We z-transformed all quantitative covariates to ease model convergence and achieve estimate comparability [74]. We examined the collinearity of predictor variables at the outset of our analysis using Pearson product‐moment correlation coefficient and Spearman rank correlation coefficient. We considered variables highly collinear and potentially problematic when coding our models if test statistics were ≥ 0.7 or ≤ -0.7 [75]. We subsequently prevented highly collinear covariates from occurring in the same model [74]. We then constructed a global model of the final covariates, from which all future models were based (Table 2).
Additionally, we evaluated the overall variability of ecological factors across sites by conducting a series of Kruskal-Wallis non-parametric analysis of variance (ANOVA) tests. Moreover, we assessed the relationship between topographic heterogeneity and other ecological characteristics, such as overall species richness and slope, using p-values obtained from the Pearson correlation coefficient test in order to confirm whether the trends generally associated with topographic heterogeneity also exist in MMNP (e.g., positive correlation between topographic heterogeneity and slope). We set the alpha level to identify p-value significance at ≤0.05 for all tests.
Hierarchical distance sampling.
We performed all analyses using R version 3.4.2 statistical software (R Core Team, 2017). We included only nests aged 1–3 in our analysis as age four nests were considered decayed [13]. We modeled observations of nests as a multinomial hierarchical coupled logistic regression [64], whereby the regression modeling the state (i.e., nest density) process is conditional on the regression modeling the detection (i.e., how animals are detected) process, accounting for imperfect detection. We applied this framework using the function ‘gdistsamp’ in the R package ‘unmarked’ [79]. Following Buckland et al. [68], we defined a truncation distance of 52 m by assessing the plotted distance frequency distribution and removing outliers from the dataset, which provide little information towards estimating the detection probability. Continuous distances were grouped into four-meter intervals to smooth heaping but retain detail. To describe nest abundance at the transect level, we used a negative binomial distribution commonly used to describe count variation in the presence of over-dispersion [64]. To verify the regression assumption of independence, we tested for spatial autocorrelation using Moran’s I test [75].

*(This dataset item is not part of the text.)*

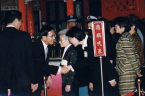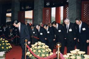 上午十時正,在崇戎樂聲中,總統由總統府秘書長陳師孟陪同抵達忠烈祠。
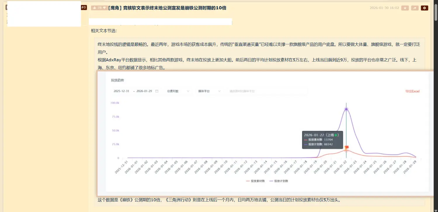 根據AdxRay平台數據顯示,相比其他兩款遊戲,終末地在投放上更加大膽。前後兩日的平

We first tested and compared the performance of different detection functions (half-norm, hazard-rate) on our null model, retaining the detection function with the lowest Akaike Information Criterion (AIC) [80]. Transect-specific covariates were then incorporated into the detection and density sub-models using a log-link function. We selected our ‘best’ detection model via AIC comparison and held this sub-model constant while we incorporated and compared density models. Using a combination of stepwise regression and theoretical knowledge, we tested density models and ranked them using corrected AIC (AICc) [80]. We evaluated the goodness of fit of the top-ranked model using parametric bootstrapping, simulating 1000 datasets from the fitted model, and defining a function that returned three fit-statistic (chi-square, Freeman-Tukey, sum of squares errors). For parameter estimates, we employed a multimodel based inference approach where we quantified the uncertainty that each model is the best model through the computation of model weights. We report averaged-model predictions based on models with an AICcΔ<4 as these models have greater empirical support [80]. We also calculated predictor weight on a scale of 0–1 to estimate each covariate’s relative importance by summing the AICc weights for each model in which that variable appears [81] and report the significance of predictors for the top-ranked model [81].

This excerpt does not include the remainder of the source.